The death of Daniel Johnston, also last week, brought waves of sincere and justified accolades for his intricate songwriting and unique style. In death, Johnston secures a kind of next-level artistic credibility. The outsider icon. The guy who didn’t marry a supermodel. Whose songs never appeared in a GEICO commercial or a Circuit City ad. The man least likely to show up on the soundtrack to "American Horror Story 1984." His contemporaries leave a different kind of mark.
While The Cars and their dreamy power pop did achieve critical success, earning a place last year in the Rock and Roll Hall of Fame, they were also cursed with popularity. In 1984, Rolling Stone deemed their soon-to-be massive “Heartbeat City” simultaneously “irresistible” and "first-draft poetry.” Money, meanwhile, could likely have only dreamed of such high praise — iconic Village Voice critic Robert Christgau scathingly wrote after Money’s first album, “Sorry, girls (and guys); live inspection reveals that the sleek stud on the cover (and in the ads) is as pudgy and sloppy as his voice. He even has jowls. Watch those cheeseburgers, Eddie boy, or you'll never get to the caviar.”
Their sounds were distinct — Ocasek legendarily cool and detached, Money all Long Island rawness. Their interests and their audiences were distinct. But what the two men had in common were public images that would be all but impossible to achieve success with today.

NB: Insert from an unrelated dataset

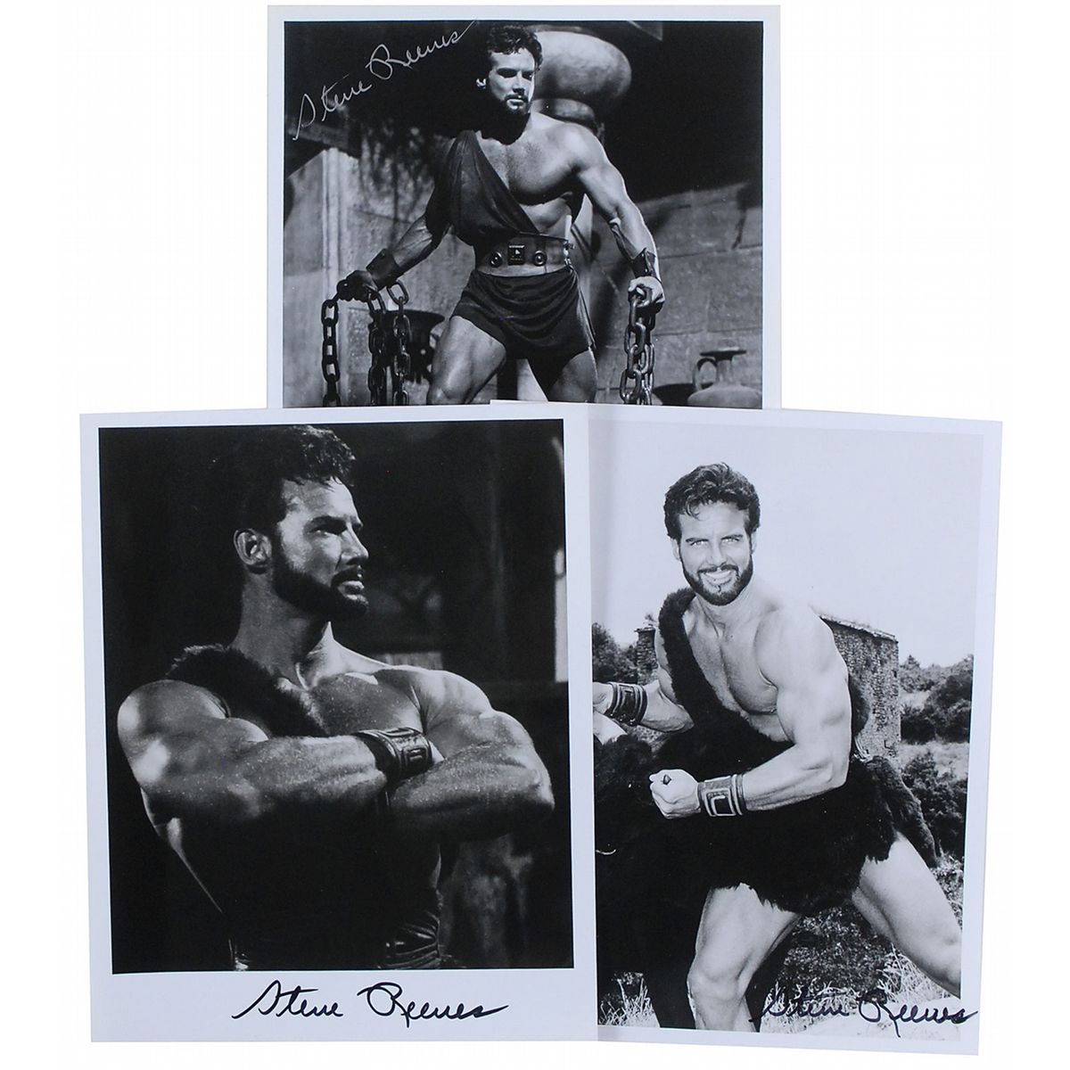 Three different glossy 8 x 10 photos of Reeves as Hercules, each signed in either black felt tip or silver ink. In fine condition.
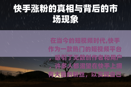 在当今的短视频时代,快手作为一款热门的短视频平台,吸引了无数创作者和用户,许多人都渴望在快手上拥有大量的粉丝,以实现自己的创作价值和商业目标,而在这个过程中,市场上出现了一种所谓“快手涨粉一元1000”的现象,引发了广泛的关注和讨论。

Ocasek, literally the poster boy for “the case for an ugly husband,” was in his thirties when The Cars formed. He was 40 years old the summer “Heartbeat City” landed and proceeded to demolish everything in its wake. The “pudgy and sloppy” former Edward Mahoney was a police force trainee who had his first hit, “Baby Hold On,” at 29. He was 37 when “Take Me Home Tonight” came out.
Throughout the '80s, both men’s faces were inescapable on MTV, a network whose coins of the realm were youth and beauty. (See also: Phil Collins, Billy Joel.) Even Bruce Springsteen, circa “Born in the USA,” may have been old by those standards, but he was hot. No scrunchie-wearing teenage girl with fingerless gloves and a Claire’s gift card burning a hole in her Caboodle ever once saw those apparent geezers on TV and thought, “Yes, I identity with any of this.”
It’s true there was virtually no such leverage to be ordinary looking and critically underpraised while being black or female a generation or so ago. Yet remembering what genuine stars both men were in at the peak of their successes, churning out videos and pouting from album covers, their ascents seem almost radical.
But what makes them even more unique is their tenacious durability. Sure, you can’t do a throwback era movie or TV show without a nod to their hits, but more amazingly, you also can’t go to a family party or a bar or a Target and escape them. Like later pop acts like The Black Eyed Peas, Ocasek and Money happened to make really catchy music that gets in your head and doesn’t want to leave, and goddamn it, you will hear it at the gym. Both men are somehow precisely of an era, and also precisely of your cousin’s wedding last weekend. Whenever you are, whomever you are with, you can bet you'll know all the words. They aren’t always what you ordered, but they are always, somehow, just what you needed.